Biography Of Peter Cook
Of course he had many rivals. Judy’s best friend Gaye Brown, a large, jolly, boisterous fellow member of the chorus-line in the revue The Lord Chamberlain Regrets, introduced her to Sean Kenny, the extremely fashionable designer of Beyond the Fringe. Kenny, a guilt-ridden, hard-drinking, monosyllabic Irish Catholic, proved to be an even e irresistibly sexy figure. ‘I knew that what this man, responsible for these designs, was about was the same thing I was about. And I knew that he could be my teacher,’ she said.48 Besides, Peter was engaged to be married to Wendy. Judy took up with Kenny and eventually married him. Peter remained good friends with her, and put his courtship on the back burner until a later date.
After a year in the West End, the cast of Beyond the Fringe were beginning to get on each other’s nerves slightly, which was hardly surprising bearing in mind the artificial circumstances in which they had been thrown together. Most of the obvious sources of tension had been avoided – Oxford v. Cambridge, north v. south, middle class v. working class, tall v. short – but their four characters were so distinct as to cause complex individual frictions. Miller was getting bored with saying the same lines every night, and was tending to rush through his material: this annoyed Moore’s thorough sense of professionalism. Moore came in for a degree of intellectual snobbery, the effect of which was emphasised by his inferiority complex. Peter and Jonathan Miller tended to seize control of interviews, leading the press to assume that they were responsible for the bulk of writing; this irritated the underrated Bennett. ‘There was just a great deal of stand-off and subdued friction,’ says Miller.

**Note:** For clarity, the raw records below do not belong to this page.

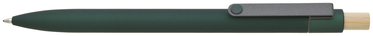 BRANIX SOFT RE designová kovová propiskas matným soft povrchem z recyklovaného hliníku. Propiska je doplněna tmavým kovovým klipem a bambusovým cvakátkem. Velkoobsahová náplň píše modře.
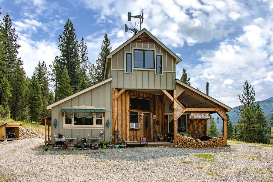 AWESOME WELL-BUILT HOME NESTLED IN THE MOUNTAINS OF NORTH IDAHO! Completely Unique custom-built home on a 42.6 ac. Timbered, 2000ft Hwy 2 frontage, 2000 ft. Kootenai River frontage remote property with several building sites and spectacular Views. Seller is a retired custom builder / developer craftsman construction and finishes, estimated 950 sf 'Pole Barn Frame Style' currently finish 1bd / 1 bath downstairs with full plumbed and wired unfinished additional 2bd. / 1 bath upper lever. (Potentially 3bd, 2 bath residence / office / community building / etc.) State of the Art solar system off-grid package :30 kw lith. iron phosphate battery storage /20 -325watt /48-volt solar panels and 2-1600 w/ 48-volt wind turbines with backup generator, 22 gpm well. This property has unlimited potential, a remote hide-a-way to a private RV / tiny house / family vacation retreat or whole family compound...
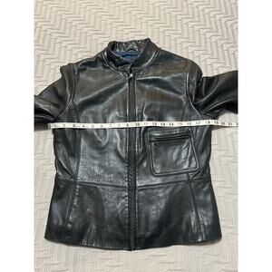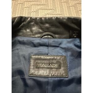Tahari black leather jacket, size M. Previously loved and in excellent used condition. Non smoking and pet free house.
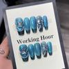 [Hecho a mano toma real] Ojo de gato mina azul hecho a mano para usar manicura pegatinas de uñas largas blancas de alta calidad desmontables
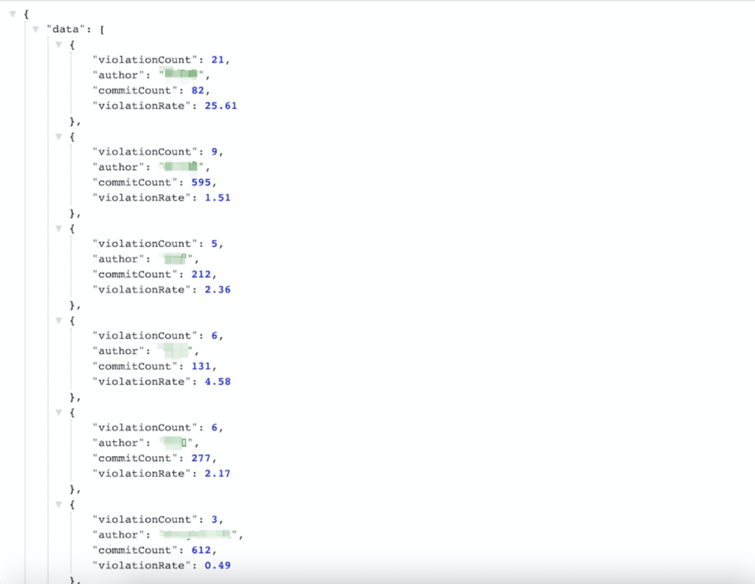 我们也有整体git commit的统计,统计个人的提交次数、不规范次数、不规范率等如下图:
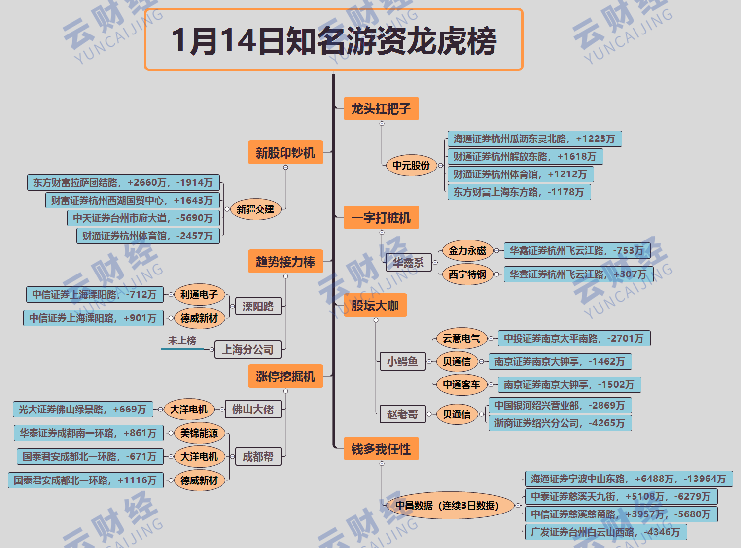 其他游資方面,趙老哥兩席位合計(jì)賣出貝通信(603220)7134萬,小鱷魚賣出云意電氣(300304)、貝通信(603220)、中通客車(000957)各2701萬、1462萬、1502萬,佛山幫買入大洋電機(jī)(002249)669萬。

Peter tended not to reveal his feelings, but confided later to Michael Parkinson that he believed Miller and Bennett to be ‘a bit phoney in a sense, a bit contrived.’ He felt a distance between himself and his two colleagues; but then, says Parkinson, ‘he probably felt that for the world and most of the people he met. It wasn’t said in an offensive way, because he had too much natural charm and vulnerability for that.’ Peter coped with boredom on stage by varying his performance every night, sometimes dangerously, taking it to the verge of embarrassment. Initially his improvisations had been hilarious: Bennett remembers that his ‘frustrated miner’ monologue ‘was less of a sketch than a continuing saga which each night developed new extravagances and surrealist turns, the mine at one point invaded by droves of Proust-lovers, headed by the scantily-clad Beryl Jarvis. Why the name Beryl Jarvis should be funny I can’t think. But it was and plainly is.’49 (Actually one could write an essay about why the name Beryl Jarvis is funny, but there is a limit to the value of dissecting humour.) As time went on though, Peter became bored with merely being hilariously funny. According to Dudley Moore, ‘The sketch got longer and longer and sometimes it got very boring. He used to be willing to bore people with endless monologues as long as he could exit on a laugh.’50
Drawing on his experiences from the Pembroke Players’ German tour, Peter started to improvise his lines in the Shakespeare sketch. This annoyed Bennett, who was less impressed with his abilities in this area than Peter’s fellow students had been: he reckoned that Peter ‘couldn’t do it for toffee’, and that only his Elvis impersonation was more ‘deeply embarrassing’.51 Moore felt better-disposed to Peter’s improvisations, and himself tended to change his lines regularly in Royal Box and Civil Defence (as Whose Finger on What Button? was now called). During a relatively highbrow Miller–Bennett two-hander about philosophy, Moore would sometimes stand in the wings and shout ‘Nurse! The screens!’ or something of that sort. ‘Peter used to look forward to those moments,’ recalls Moore.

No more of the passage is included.